• Input data:
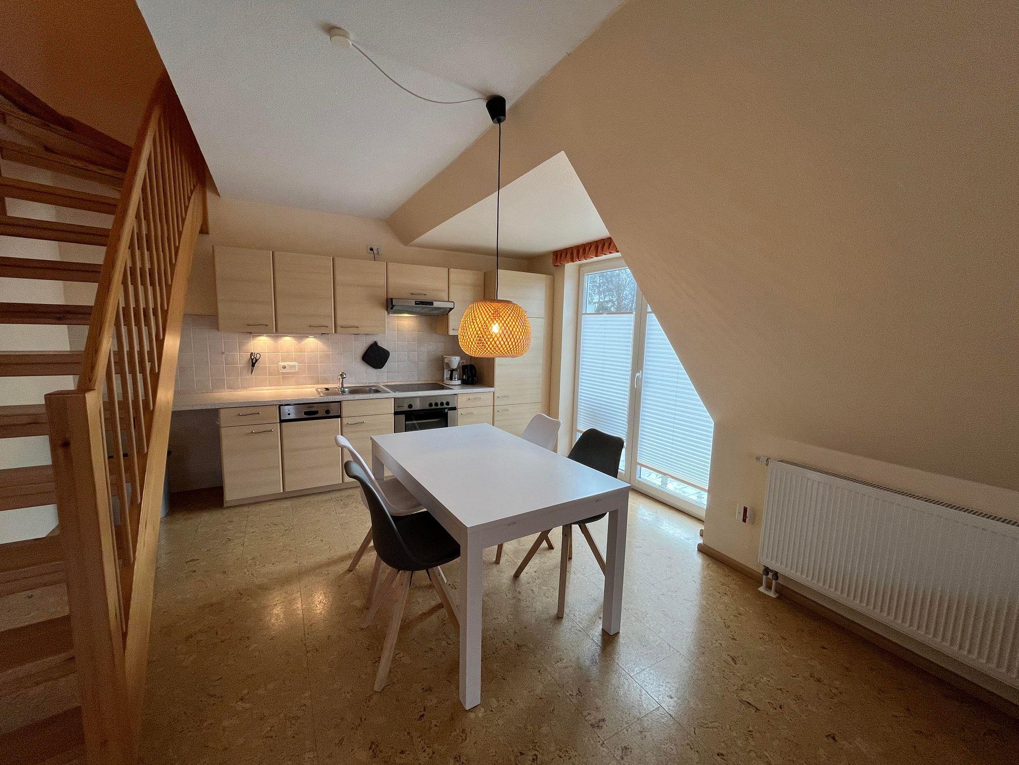 Auf rund 75qm erwartet Sie eine Maisonette Wohnung auf zwei Ebenen. Im unteren Bereich befindet sich ein großer Wohn- und Essbereich mit offener Küche (voll ausgestattet), ein großes Bad mit Dusche & WC sowie ein großes Schlafzimmer. Im oberen Wohnbereich befindet sich ein zusätzliches separates Schlafzimmer für bis zu zwei Personen. Ein toller Balkon mit Sonnengarantie rundet das Angebot für einen schönen Urlaub ab. Ihre Unterkunft liegt im beliebten Ortsteil Dorf und ist optimaler Ausgangspunkt für Ihre Urlaubsaktivitäten, Einkaufsmöglichkeiten sind in direkter Umgebung und die Strände sind einfach und schnell zu erreichen.
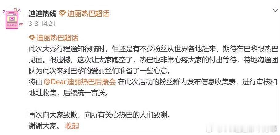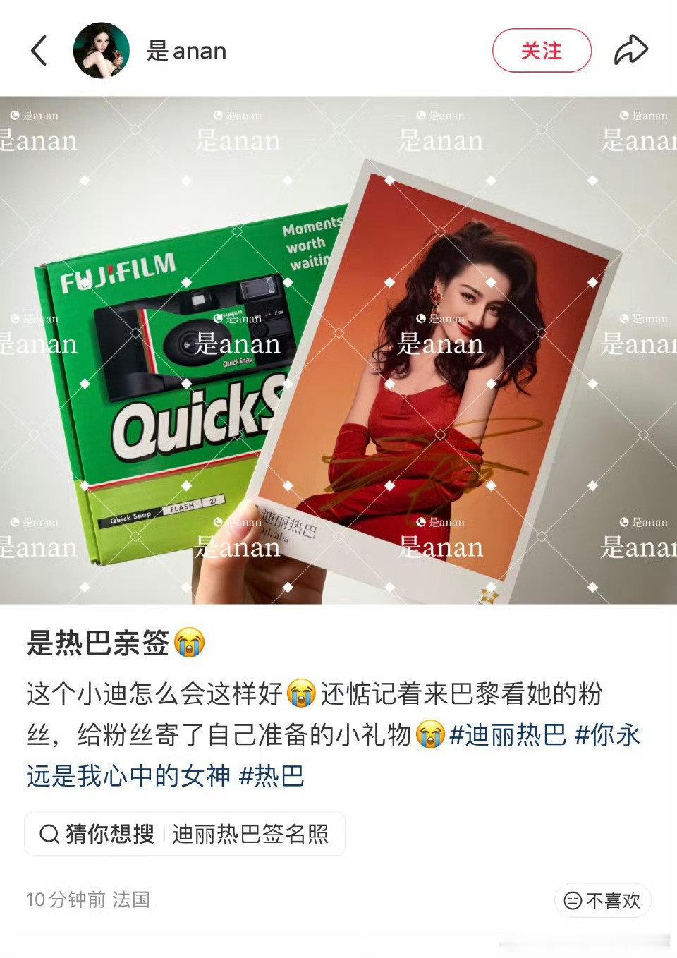迪丽热巴补偿去巴黎的粉丝热巴补偿粉丝的礼物真不错诶,很有诚意也花了心思,姐姐真好
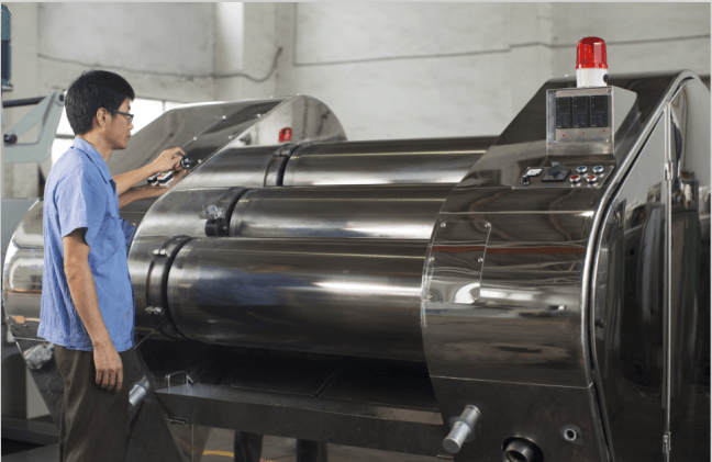 本機(jī)采用國(guó)內(nèi)獨(dú)創(chuàng)集成板塊油路方式,由電磁閥來(lái)控制該機(jī)的工作狀況,壓緊與松開(kāi)響應(yīng)速度快,壓力均勻,控制方便。研磨物料的各種細(xì)度通過(guò)調(diào)節(jié)壓力獲得;油路采用特制接頭,確保不泄漏,并方便維護(hù)與拆裝;輥筒采用專(zhuān)用特殊合金材料澆鑄,表面具有高強(qiáng)度和耐磨性。

• Problem description:
Pictures are to be dropped, and the lines from the line with "迪丽热巴补偿去巴黎的粉丝热巴补偿粉丝的礼物真不错诶,很有诚意也花了心思,姐姐真好" through the end of the material above are to be reproduced exactly.

• The answer:
迪丽热巴补偿去巴黎的粉丝热巴补偿粉丝的礼物真不错诶,很有诚意也花了心思,姐姐真好
 本機(jī)采用國(guó)內(nèi)獨(dú)創(chuàng)集成板塊油路方式,由電磁閥來(lái)控制該機(jī)的工作狀況,壓緊與松開(kāi)響應(yīng)速度快,壓力均勻,控制方便。研磨物料的各種細(xì)度通過(guò)調(diào)節(jié)壓力獲得;油路采用特制接頭,確保不泄漏,并方便維護(hù)與拆裝;輥筒采用專(zhuān)用特殊合金材料澆鑄,表面具有高強(qiáng)度和耐磨性。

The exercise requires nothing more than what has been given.